§ **Information provided**:
********
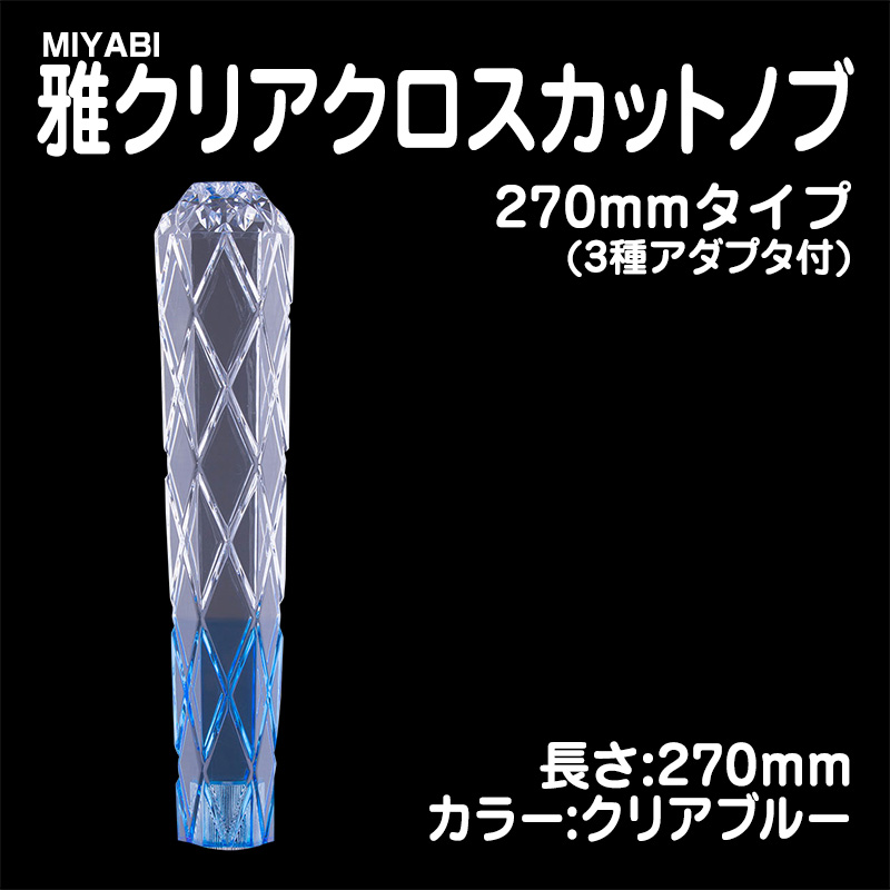 雅クリアクロスカットシフトノブ クリアブルー 270mm 3種アダプター付(10×1.25/12×1.25/12×1.75)
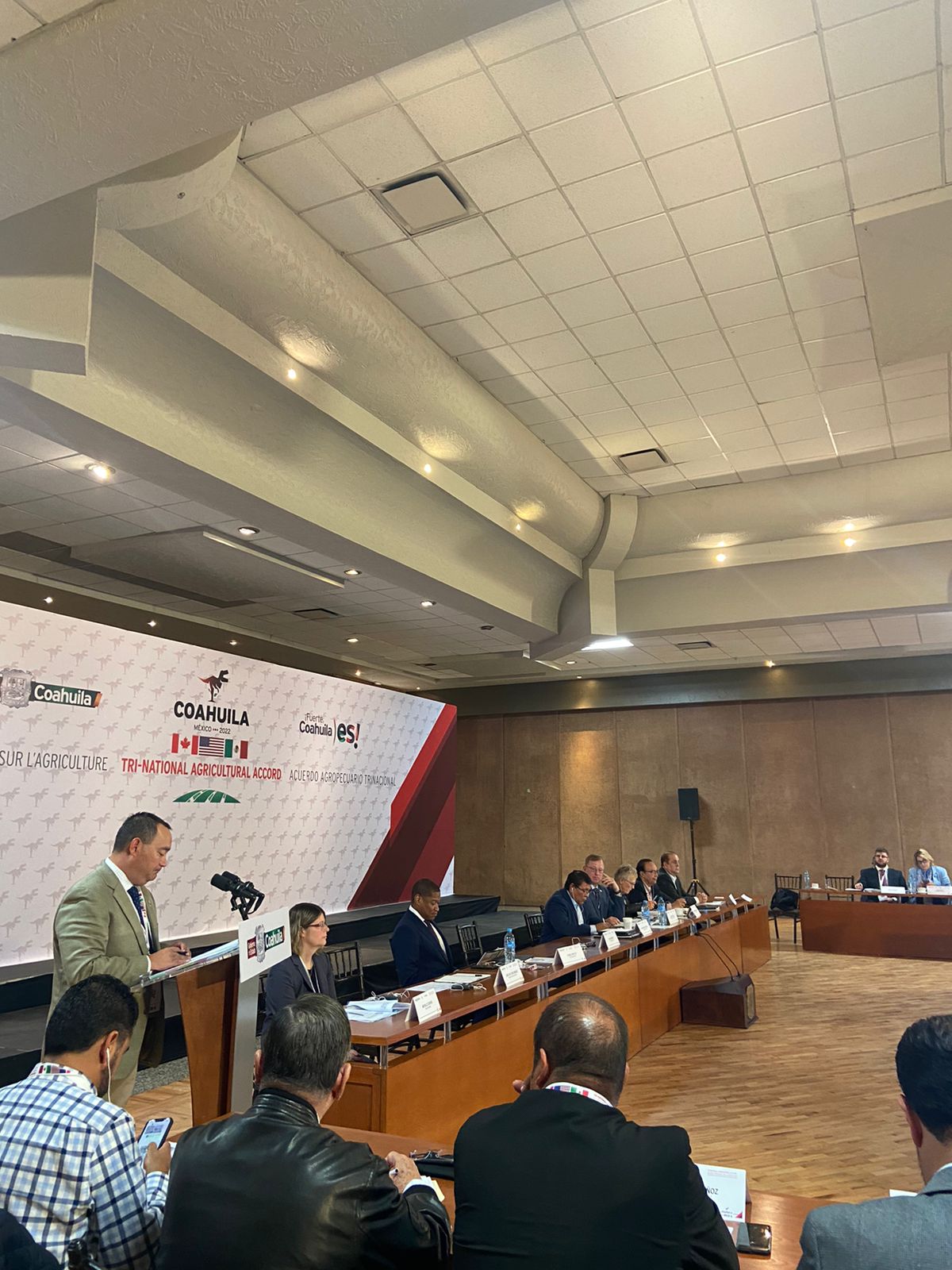Destacó que la región de norteamerica tiene uno de los instrumentos mas poderosos del comercio global como es del Tratado de Libre Comercio México, EEUU y Canadá que como bloque es una de las principales fuentes de proveduría confiable de alimentos para todo el mundo por nuestra situación portuaria y nuestras redes logísticas, las cuales nos permiten llegar a todo el mundo con alimentos sanos, inocuos y accesibles.
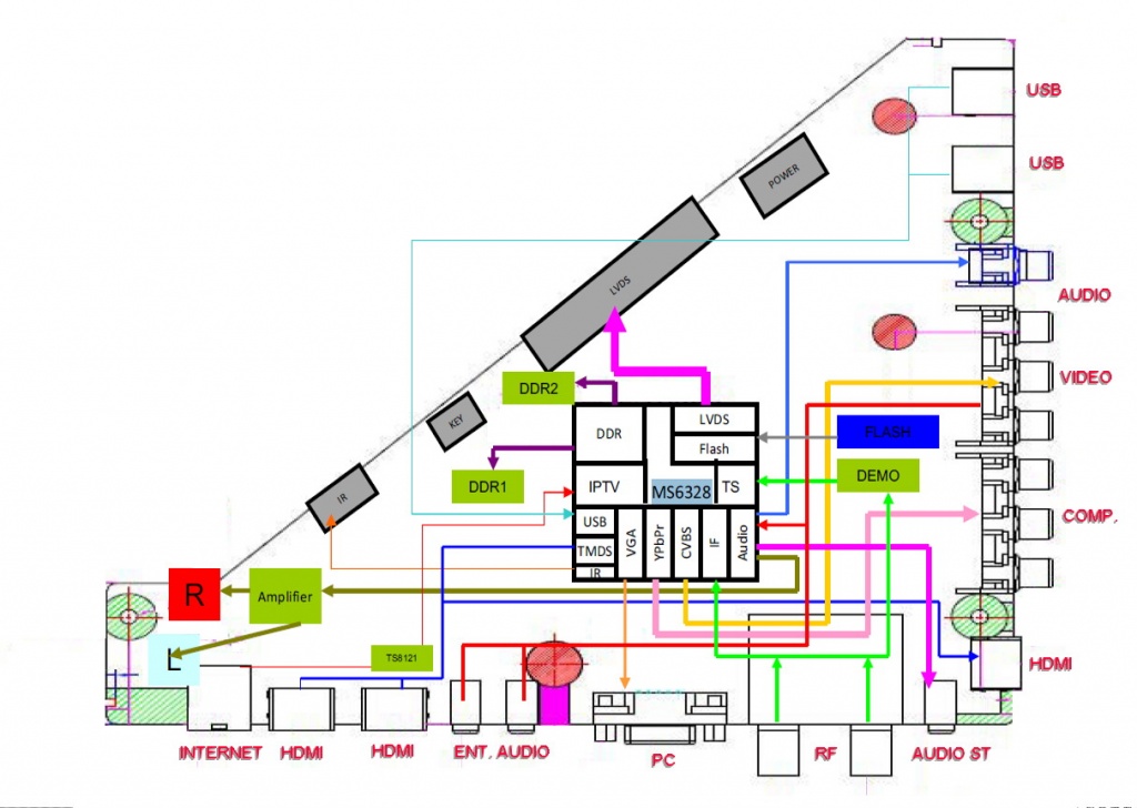 Los conectores de borde colocados sobre el borde inclinado son de arriba abajo el de fuente de 6 patas, el de LVDS con 2 puertos de 4 pares y el rojo y negro para alimentación, el de piloto y control local el de la entrada de control remoto y el de los parlantes izquierdo y derecho.
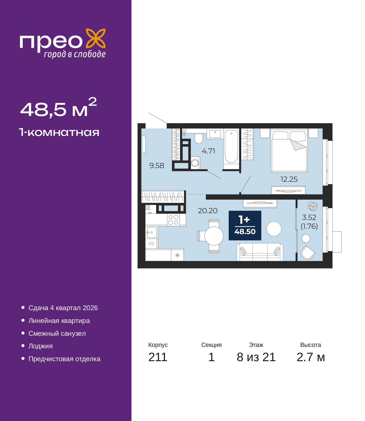 1-комн. квартира от застройщика с предчистовой отделкой в ЖК "Прео" на 8 этаже. Общая площадь: 48.5 кв.м., жилая: 12.25 кв.м., площадь просторной кухни-столовой: 20.2 кв.м. Все окна выходят на одну сторону. В квартире одна лоджия, один совмещенный санузел. Высота потолков 2.7 м. Дом монолитный, черырехподъездный, переменной этажности, от 14 до 21 этажей. Квартира находится в 1-й секции высотой 21 этаж в корпусе 211. На этаже 8 квартир. В подъезде 1 пассажирский и 1 грузовой лифт. Окончание строительства - 4 квартал 2026 года. Оформление сделки по договору долевого участия. Преображенский — один из самых привлекательных районов для жизни! Это полностью самостоятельный жилой район с точки зрения инфраструктуры. Преображенский находится между Московским и Червишевским трактами в квартале улиц Закалужская — Вьюжная — Александра Протозанова. Не нужно ждать, когда появится инфраструктура — переезжайте на всё готовое. Вблизи расположены действующие школа и детский сад. В этом году откроется еще один сад, а в следующем году — школа. По соседству с Преображенским запланировано строительство городского парка «Комарово» площадью 38 гектар. За 10 минут можно доехать на автомобиле до крупных ТРЦ: «Лента», «Кристалл», «Леруа Мерлен», «Метро» и «Ашан». С 2018 года в районе открыт Соседский центр — пространство, созданное для формирования добрососедской среды, совместного досуга, общения и реализации соседских инициатив. Здесь проходят встречи соседей, а также сами жители района организовывают мероприятия. Организатором такого события может стать любой желающий. В квартирах выполнена качественная предчистовая отделка. Гладкие стены с финишным выравниванием по маякам. Ровный потолок для установки натяжного потолка. Установлены пятикамерные окна с двойным стеклопакетом (3 стекла). Дизайнерские холлы с видеонаблюдением, безбарьерным и прозрачным входом – всегда светло и спокойно. На первом этаже есть просторные колясочные, где все жители могут оставлять свои коляски и велосипеды. В Преображенском есть всё, что нужно для активного отдыха и занятий спортом. Мы сделали большое футбольное поле с безопасным покрытием. Также установили хоккейный корт, который оборудован по всем необходимым стандартам. Во дворах можно делать упражнения на специальных площадках с турниками. Весь район мы обустроили велодорожками, которые связаны в единый маршрут. У нас есть сухие фонтаны, бьющие из земли, деревья, веревки, сетки, скалодром, газон, песок и резинка — осталось просто дать своему ребенку право на свободную игру. По-настоящему хорошие дворы — это те, которые дети предпочитают соцсетям и телевизору. Аккредитация в банках: ПАО «Банк Уралсиб», ПАО Банк «ВТБ», ПАО «Газпромбанк», «Сбербанк России», ОАО «Альфа-Банк» и других. (AQID02427590)
********
§ **How to complete this task**: Your reply should restate the data above word for word and contain no pictures.

§ **Written solution**:
 雅クリアクロスカットシフトノブ クリアブルー 270mm 3種アダプター付(10×1.25/12×1.25/12×1.75)
Destacó que la región de norteamerica tiene uno de los instrumentos mas poderosos del comercio global como es del Tratado de Libre Comercio México, EEUU y Canadá que como bloque es una de las principales fuentes de proveduría confiable de alimentos para todo el mundo por nuestra situación portuaria y nuestras redes logísticas, las cuales nos permiten llegar a todo el mundo con alimentos sanos, inocuos y accesibles.
 Los conectores de borde colocados sobre el borde inclinado son de arriba abajo el de fuente de 6 patas, el de LVDS con 2 puertos de 4 pares y el rojo y negro para alimentación, el de piloto y control local el de la entrada de control remoto y el de los parlantes izquierdo y derecho.
 1-комн. квартира от застройщика с предчистовой отделкой в ЖК "Прео" на 8 этаже. Общая площадь: 48.5 кв.м., жилая: 12.25 кв.м., площадь просторной кухни-столовой: 20.2 кв.м. Все окна выходят на одну сторону. В квартире одна лоджия, один совмещенный санузел. Высота потолков 2.7 м. Дом монолитный, черырехподъездный, переменной этажности, от 14 до 21 этажей. Квартира находится в 1-й секции высотой 21 этаж в корпусе 211. На этаже 8 квартир. В подъезде 1 пассажирский и 1 грузовой лифт. Окончание строительства - 4 квартал 2026 года. Оформление сделки по договору долевого участия. Преображенский — один из самых привлекательных районов для жизни! Это полностью самостоятельный жилой район с точки зрения инфраструктуры. Преображенский находится между Московским и Червишевским трактами в квартале улиц Закалужская — Вьюжная — Александра Протозанова. Не нужно ждать, когда появится инфраструктура — переезжайте на всё готовое. Вблизи расположены действующие школа и детский сад. В этом году откроется еще один сад, а в следующем году — школа. По соседству с Преображенским запланировано строительство городского парка «Комарово» площадью 38 гектар. За 10 минут можно доехать на автомобиле до крупных ТРЦ: «Лента», «Кристалл», «Леруа Мерлен», «Метро» и «Ашан». С 2018 года в районе открыт Соседский центр — пространство, созданное для формирования добрососедской среды, совместного досуга, общения и реализации соседских инициатив. Здесь проходят встречи соседей, а также сами жители района организовывают мероприятия. Организатором такого события может стать любой желающий. В квартирах выполнена качественная предчистовая отделка. Гладкие стены с финишным выравниванием по маякам. Ровный потолок для установки натяжного потолка. Установлены пятикамерные окна с двойным стеклопакетом (3 стекла). Дизайнерские холлы с видеонаблюдением, безбарьерным и прозрачным входом – всегда светло и спокойно. На первом этаже есть просторные колясочные, где все жители могут оставлять свои коляски и велосипеды. В Преображенском есть всё, что нужно для активного отдыха и занятий спортом. Мы сделали большое футбольное поле с безопасным покрытием. Также установили хоккейный корт, который оборудован по всем необходимым стандартам. Во дворах можно делать упражнения на специальных площадках с турниками. Весь район мы обустроили велодорожками, которые связаны в единый маршрут. У нас есть сухие фонтаны, бьющие из земли, деревья, веревки, сетки, скалодром, газон, песок и резинка — осталось просто дать своему ребенку право на свободную игру. По-настоящему хорошие дворы — это те, которые дети предпочитают соцсетям и телевизору. Аккредитация в банках: ПАО «Банк Уралсиб», ПАО Банк «ВТБ», ПАО «Газпромбанк», «Сбербанк России», ОАО «Альфа-Банк» и других. (AQID02427590)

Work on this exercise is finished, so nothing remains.